Quebec’s environment minister responded Tuesday, pledging his province will “take a very strict approach” to pipeline projects and will carefully review requests under Quebec laws.

“It is important to protect waterways, wetlands and drinking water sources,” Quebec Environment Minister Pierre Arcand said in a statement. “Environmental issues remain central to our concerns.”

He reiterated his commitment to strictly monitor the risks associated with the presence of any pipeline in Quebec, and said the ministry “intends to seek a seat at the table” during NEB hearings.

Enbridge spokesman Graham White said the lines will be used primarily to ship light crude, but that they are safe for transporting oilsands-derived crude, should the need arise.

“We are … ensuring the line is at some point capable of carrying heavier products … because of the expanding oilsands production,” White said. “We want to have that flexibility.”

White said there is no evidence to suggest oilsands-derived crude causes more corrosion inside pipelines than any other product.

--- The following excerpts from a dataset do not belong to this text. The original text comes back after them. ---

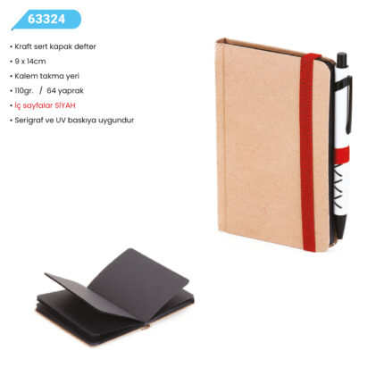 Kraft Sert Kapak Defter 9×14 Kalem Takma Yeri 110gr – 64 Yaprak İç Sayfalar Siyah Serigrafi – UV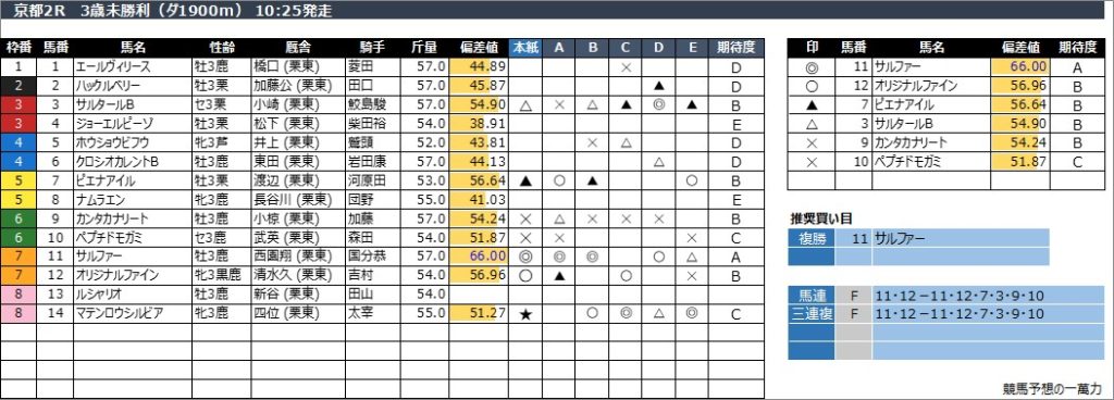 京都2R 3歳未勝利(ダ1900m) 10:25発走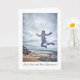 Um cartão de cumprimentos que caracteriza uma mulher que salta para a alegria fora de algumas rochas em uma praia. Os braços e os pés outstretched parcialmente, transformando a em um caranguejo salta. Está vestindo uma jaqueta acolchoada contra o frio e seu cabelo está levantando no vento. Com uma expressão feliz e os olhos largamente, a impressão total é da exuberância selvagem.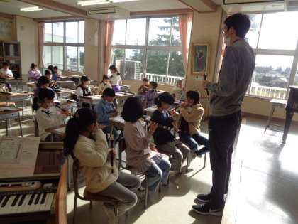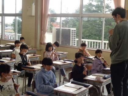 新しいリコーダーの練習曲を、まずは一斉に演奏した後に、自分に合った方法を選んで練習に励んでいました。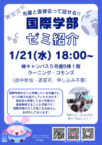 1/21 国際学部国際学科ゼミ紹介イベントを開催します!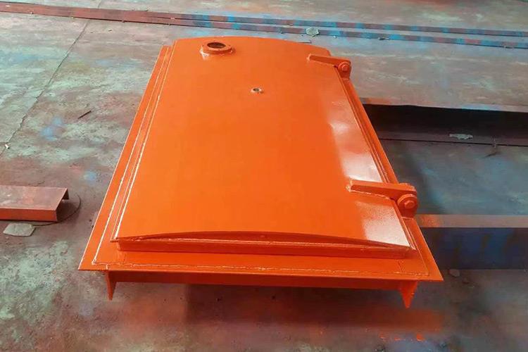 避難硐室密閉門使用對稱的方式進(jìn)行安裝,它的每一個(gè)安裝件都是使用鋼材料來焊接成的。避難硐室密閉門的門扇是由井字結(jié)構(gòu)來進(jìn)行焊接的,反風(fēng)的主要裝置是采用鋼管來插拴的,安裝的時(shí)候在合頁處涂上潤滑油,保證使用的靈活性。斜風(fēng)井防爆門關(guān)門時(shí),各部件反向擺動(dòng),到關(guān)閉狀態(tài)時(shí)成矩形狀態(tài)。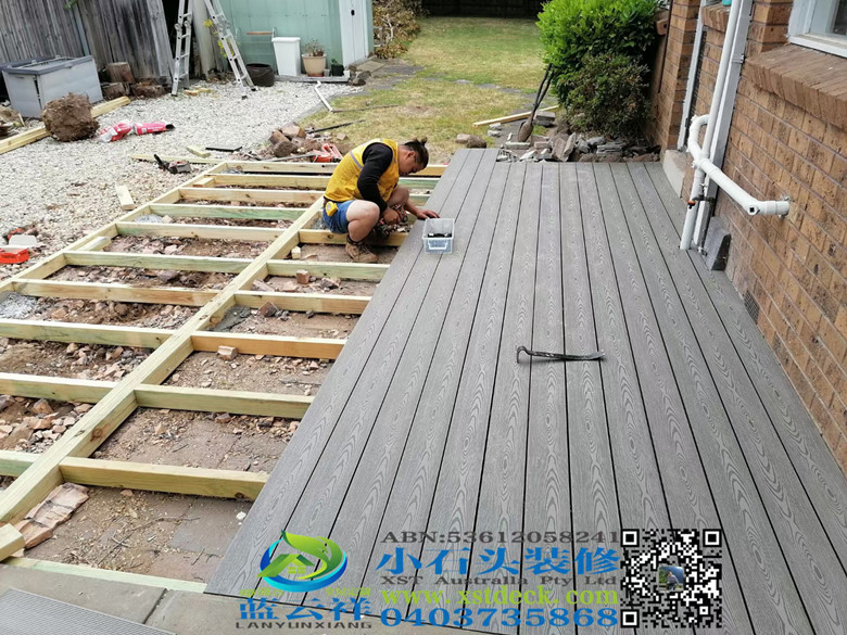 墨尔本塑木140X22仿木纹灰白色 decking ,正面无螺丝3.65M

He pointed to the recent report from the U.S. National Transportation Safety Board, which excoriated Enbridge for its failures but explicitly ruled out internal corrosion as a cause for a massive spill in Michigan.

He said the company is in the process of doing “integrity digs,” excavating the pipelines and testing to ensure it is sound.

The Alberta government acted as an intervener in the NEB hearings on Enbridge’s Line 9A, but made no formal submissions.

In its application for intervener status, the province said it was interested in the proceedings because “the application may impact the marketing of Alberta’s crude oil.

“Alberta will be particularly interested in understanding commercial impacts and benefits associated with the proposed application,” the province said.

Asked whether Alberta has any plans to address the debate in the east, Alberta Energy spokeswoman Janice Schroeder said in an email that “the decision is a federal regulatory decision about a pipeline between two locations in Ontario. Alberta was not involved in that hearing, and it is a commercial decision best addressed by the company and the regulator.

She said the province is “always ready to speak on behalf of Alberta’s interests.”